So you think it’s time to buy your first home. Then you’re likely already dealing with questions and doubts like these: How can you be certain it’s the right thing to do? How do you know if you’re ready? What kind of mortgage should you look for? How do you pick the right home? What if you end up with horrible neighbors? How exactly do you maintain a home? How much does it really cost to buy a home, and can I afford that?
These and so many more questions are probably filling your mind as you consider buying a home. Here are 5 steps to take before you start looking at houses, some of these will start to help you answer the above questions, others will help you make sure you're asking the right questions.
- Your first step is to STOP WATCHING HGTV!!! House Hunters is a wonderful TV program and a great way to live vicariously, but it’s also staged. Often the home-buyer already has a contract on a house they want to buy and they go through friends’ homes as their other two “options”. Anyone who has watched the show also knows they will almost always pick the most expensive house that’s above what they decided was their price range, but the “closets are just the best” or the “kitchen is more inviting”. Watching this and other shows about home buying will give you an over-inflated expectation of what you should expect in buying your first home. Turn off the TV and start talking to professionals in your area to learn as much as you can about your local market.

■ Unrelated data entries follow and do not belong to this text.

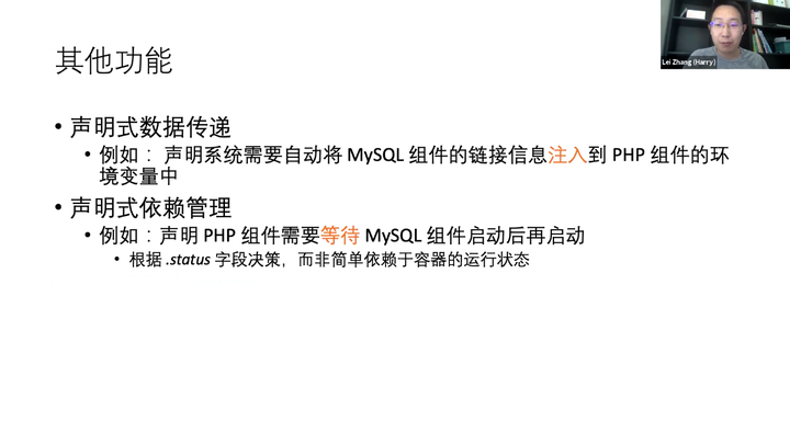 A3:本次 ppt 中没有 docker-compose 的例子,但是这个其实很容易去理解,因为 OAM 将 Kubernetes API 分为两类,一个叫做 Components,一个叫T raits。有这么一个 Componets 文件,就可以直接映射 OAM 的概念,docker-compose 中有个概念叫做 Service,其实就是对应了 OAM 中的 Component。这完全是一对一对应关系。Service 下面有个 Deployment,有个部署策略,其实对应的就是 OAM 的 Trait。
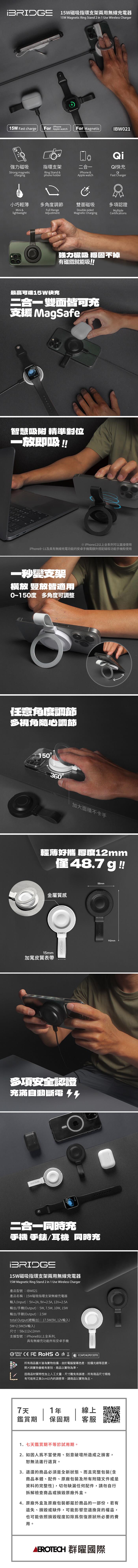 iBRIDGE 15W磁吸指環支架兩用無線充電器
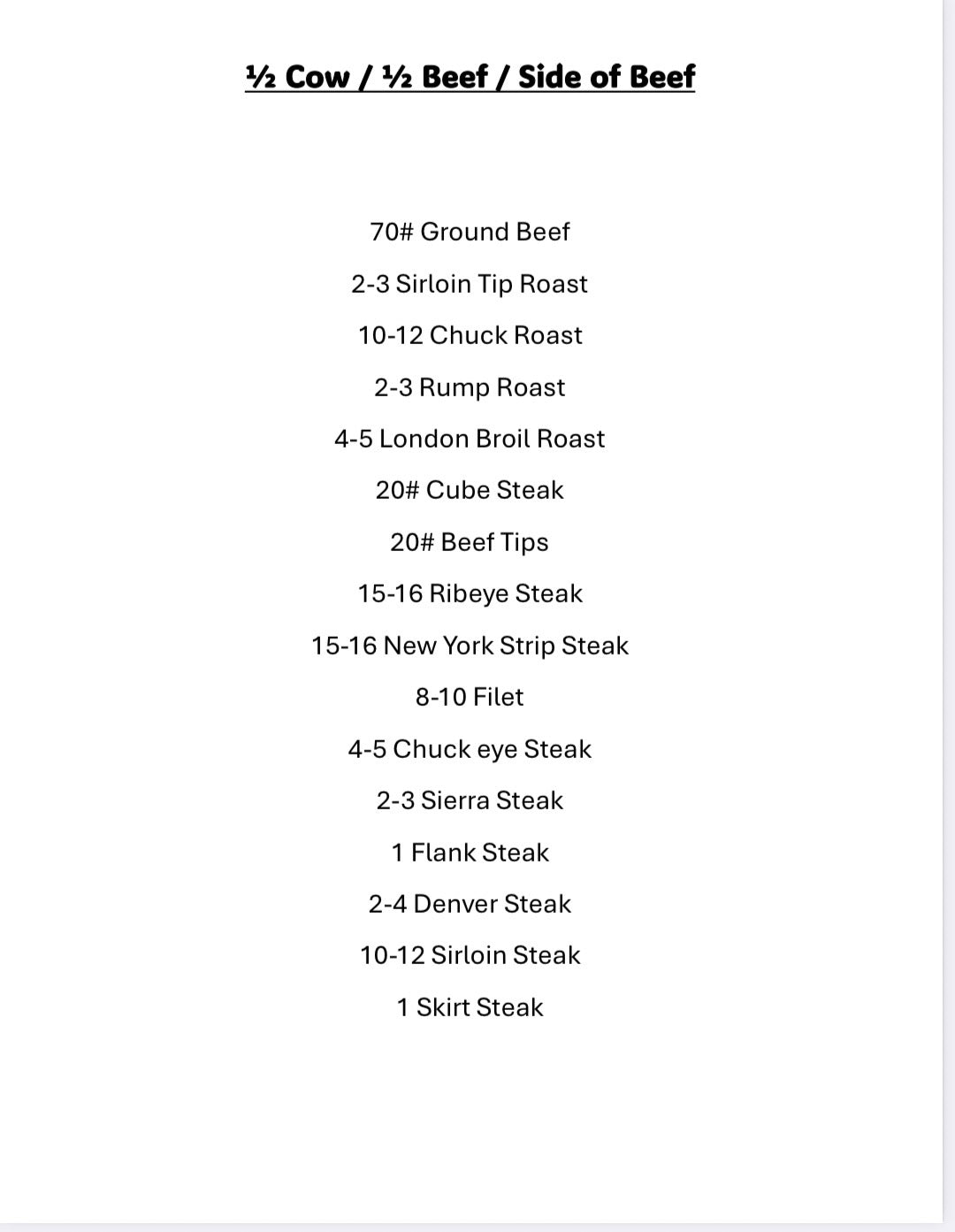 Freezer Space: This 1/2 Beef Share will require approx. 8 cubic ft. of freezer space.
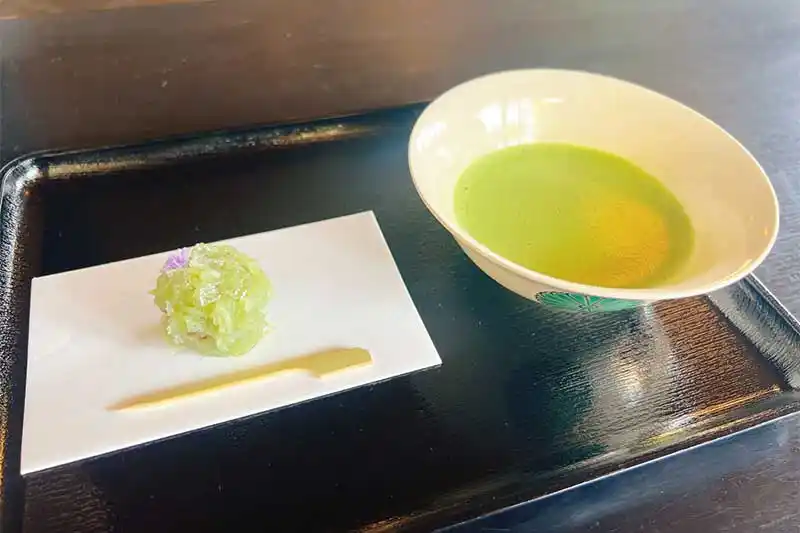 「観楓亭(かんふうてい)」でお店の方が点てた抹茶と露草というお菓子をいただきました!抹茶はまろやかで美味しくて、これがまたお菓子にも合いますね!時期によっては自分でお茶を点てるお点前体験ができるそうです。
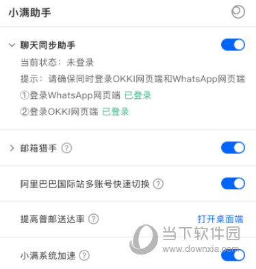 小满助手插件是款可以安装在PC浏览器上的辅助插件工具。它可以帮助用户们轻松处理各类办公聊天和其他工作事务,支持帐号关联、邮件处理等功能,满足大家的日常工作需求,操作简单,非常好用,不容错过。
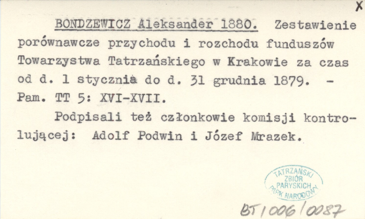 Pamiętnik Towarzystwa Tatrzańskiego, 5: XVI-XVII. Podpisali też członkowie komisji kontrolującej: Adolf Podwin i Józef Mrazek.

- Do your homework FIRST. It’s easy to go out looking at open houses, pull up Zillow, or schedule a day with a realtor to walk through houses, but don’t do it yet. When you start picturing yourself in a home it can be hard to not get caught up in home-buying fever and make an offer before you’re ready.
- Get your finances in order
- Look at your finances to see how much you can afford. Start by looking at your savings and deciding how much you are willing to spend on purchasing the home (notice I didn’t say down payment because there are other costs that you pay when buying a house that you’ll need to cover with this money as well). Then look at your monthly spending and think about how much you could afford to pay toward your house each month. Remember to leave wiggle room for both of these. You’ll want some of your savings to do small projects on the house, buy furniture, move, etc. You also don’t want to be house rich and cash poor, spending so much on your home each month that you can’t enjoy your new neighborhood.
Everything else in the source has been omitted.